Scones appear to be a thing of great debate.
Plain, fruit or cheese?
Skɒn or skoʊn?
Plain or self raising?
Egg or no egg?
Jam, butter or cream?
For me, scones can be plain or cheese, but never fruit.
I pronounce the word skon and cringe at skoun.
I have a preference for plain flour with some complicated additions.
And either way, they must be eaten directly from the oven, slathered in butter and perhaps just a skerrick of jam...
When I was little, scones were apparently the first thing I learned to cook with my Mum. She remembers this still.
They were a staple in our home, for tea* on a Sunday. Straight from the oven, risen and billowing, fluted and crusty on top.
The recipe I always used growing up came from a battered and very much loved copy of the Good Housekeeping's Picture Recipe Book circa 1953. (I presume this must have belonged to my Granny...either way, it was, and still is, my favourite cookery book.)
This book has been misplaced in recent years - so many house moves and renovations has seen it lost.
So my once fail proof scone recipe has needed to be revised.
I have a close friend whose father is Italian and mother is English, and she explained to me that her Mother's scones are better than anyone's for the use of fine Italian 00 pasta flour.

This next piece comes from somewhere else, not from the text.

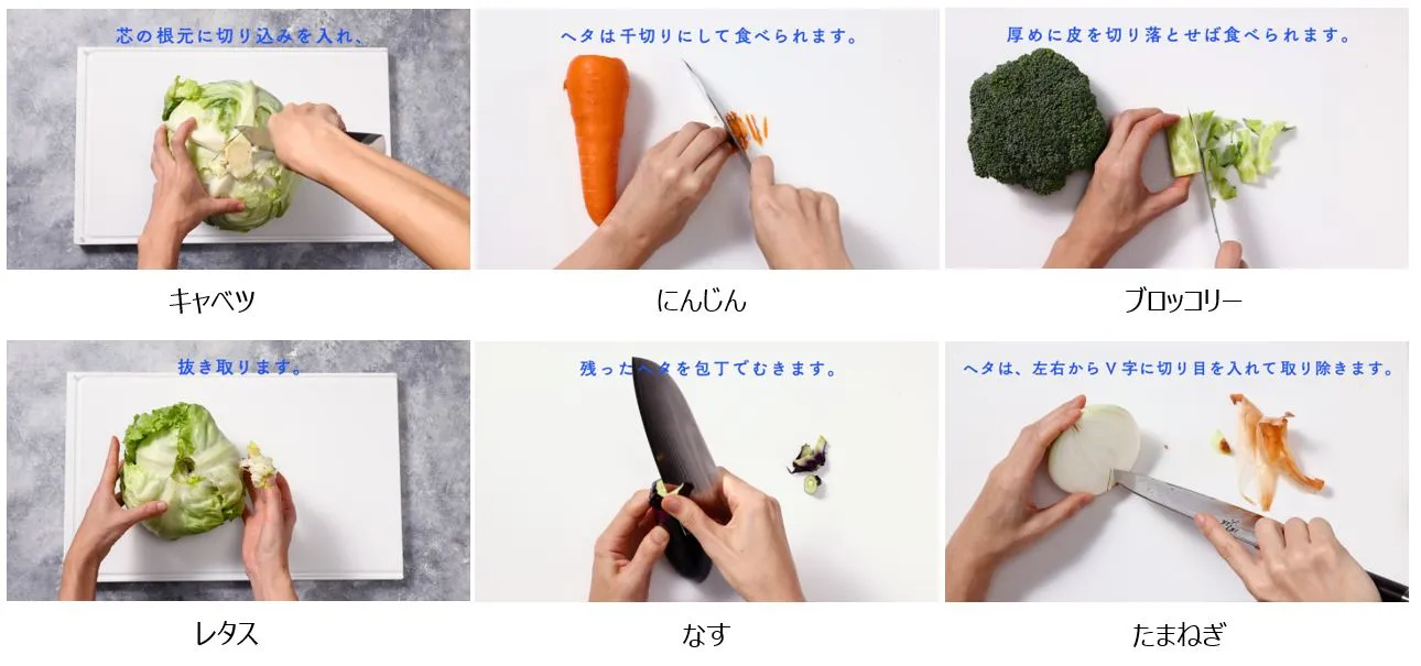 食材の切りすぎによる食品ロス(過剰除去)は、年間32.8万トンも! 8割超が食品ロスに関心があるも、過剰除去への意識は2割以下。 その野菜、切りすぎてるかも?野菜のムダのない切り方やレシピを伝授!「やさしい切りかた辞典TM」刃物メーカー貝印が8月31日(野菜の日)に公開

I have a number of notes and memories of the brilliant baking qualities of lard.
Another friend swears by buttermilk as the liquid.
And for the raising agent, to make those scones rise and billow so beautifully? I have experimented and truly believe that sifting through a mixture of bicarbonate of soda and cream of tartar to the flour is the absolute winner for light fluffy scones. (Self raising doesn't seem to get the lift?)

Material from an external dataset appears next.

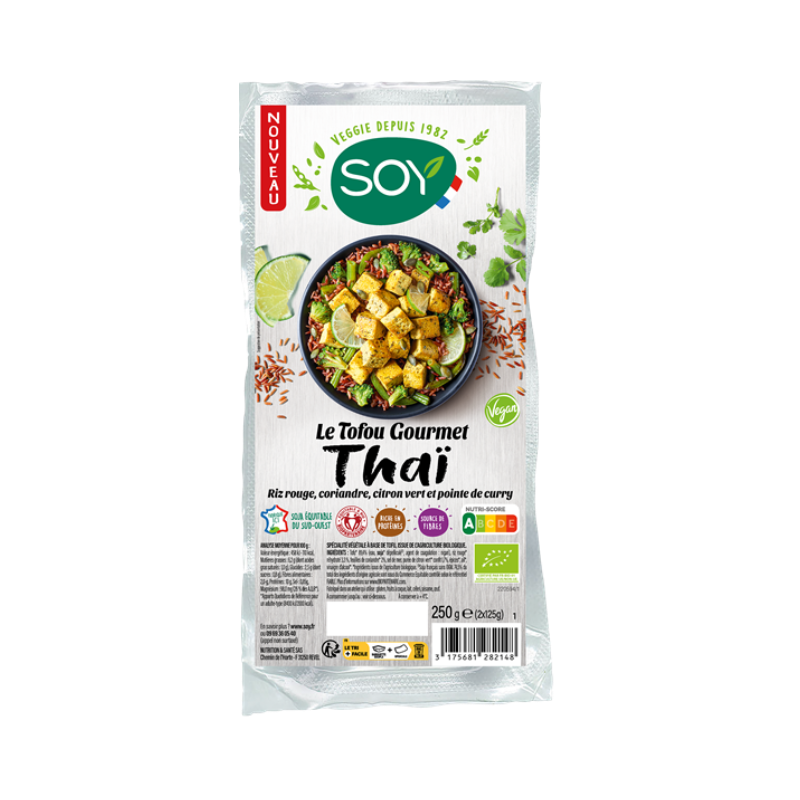 Tofu* 89,4% (eau, soja* dépelliculé(1) , agent de coagulation : nigari), riz rouge* réhydraté 3,3 %, feuilles de coriandre* 2%, sel de mer, purée de citron vert* confit 1,7%, épices*, ail*, vinaigre d'alcool*. (*) Ingrédients issus de l'Agriculture Biologique

I could not remember whether my original recipe called for an egg or not. So, first thing this morning I rang my Mum and asked her - and quick as a flash she instinctively said "no, no egg" with such clear headed conviction that I left out the egg - which makes sense to me. An egg would make a scone perhaps a little more cake like?
So I give you my Perfect Scone Recipe. With thanks to friends and family for allowing me to pinch their tips and experiment on them. (Makes 12)
500g 00 plain flour. (This is fine Italian pasta flour. But a good quality plain white flour that has been triple sifted would do.)
1 heaped teaspoon of bicarbonate of soda
2 heaped teaspoons of cream of tartar
25g caster sugar
1 teaspoon salt
65g butter, cubed
65g lard, cubed
275ml buttermilk* (if you have none, you can always just add a tablespoon of lemon juice normal milk and leave it out on the bench for a while...)
1. Preheat the oven to 210`c
2. Sift the dry ingredients into a big mixing bowl
3. Add the chilled and cubed butter and lard and rub in just using your fingertips until it resembles fine breadcrumbs.
4. Add the buttermilk and stir in with a palette knife to combine
5. Using your hands, bring the dough together to make a soft dough
6. Tip out onto a floured work surface and pat into a circle about 3cm high
7. Using a fluted cutter dipped in flour, cut the scones out and place wide apart on a floured baking sheet.
8. Bake for 12 minutes
9. Once you take them from the oven, place on a cooling rack.
10. Serve immediately with butter or jam or cream...
How about you? Skon or skoun?

* I ignored the concept of scones being a tea time treat. I baked a perfect batch of scones today right on midday. The fab five ate scones with butter, jam and cream for lunch. Is that very bad?!